Marseille : les écoles délabrées dans les bras du privé

A Marseille lundi, sur le parvis de la mairie, des enseignants, architectes et citoyens manifestent contre la décision de la majorité municipale de recourir à un partenariat public-privé pour la construction d’écoles. Photo Patrick Gherdoussi pour Libération

Pour démolir et reconstruire ses établissements scolaires vétustes, la mairie a opté pour un vaste partenariat public-privé. Les opposants dénoncent un gouffre financier et une rente offerte aux géants du BTP.
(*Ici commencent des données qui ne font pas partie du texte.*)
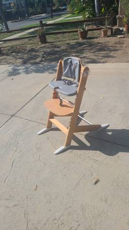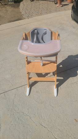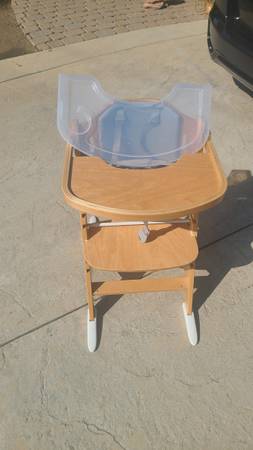 Here is a beautifully maintained, slightly used adjustable baby high chair that would be perfect for a new family starting out. Completely adjustable and compact. Comes with a snap on clear plastic tray. A slight blemish in the front of the tray is repaired by hot glue, which still works perfectly. See photos

Ambiance cour de récré lundi matin devant les portes du conseil municipal de Marseille. Pour le dernier rendez-vous des élus avant les vacances estivales, parents d’élèves, enseignants et architectes avaient sorti leurs casseroles pour manifester bruyamment contre une décision qui, depuis quelques mois, fédère leur colère. Dans leur viseur, le «plan école d’avenir», voté en octobre, qui prévoit la démolition puis la reconstruction de 28 groupes scolaires de la ville. Si l’état de vétusté du parc marseillais, qui compte 446 écoles, méritait bien un plan «sans précédent pour une municipalité», selon l’expression des services municipaux, la méthode fait grincer des dents.

Pour réaliser les travaux, l’équipe du maire Jean-Claude Gaudin (LR) a décidé de recourir à un partenariat public-privé (PPP). Ce procédé, déjà utilisé pour rénover le stade Vélodrome, confie au privé le soin de réaliser les travaux moyennant, en retour, un «loyer» versé par la commune. Si, dès le vote de la délibération, l’opposition au maire a dénoncé une «bombe à retardement» pour les finances de la ville, la contestation s’est élargie depuis à un large panel citoyen, réuni dans un «collectif anti-PPP» à l’initiative du rassemblement de lundi. Explication de texte d’un dossier qui soulève une nouvelle fois le problème de la gestion municipale des écoles marseillaises.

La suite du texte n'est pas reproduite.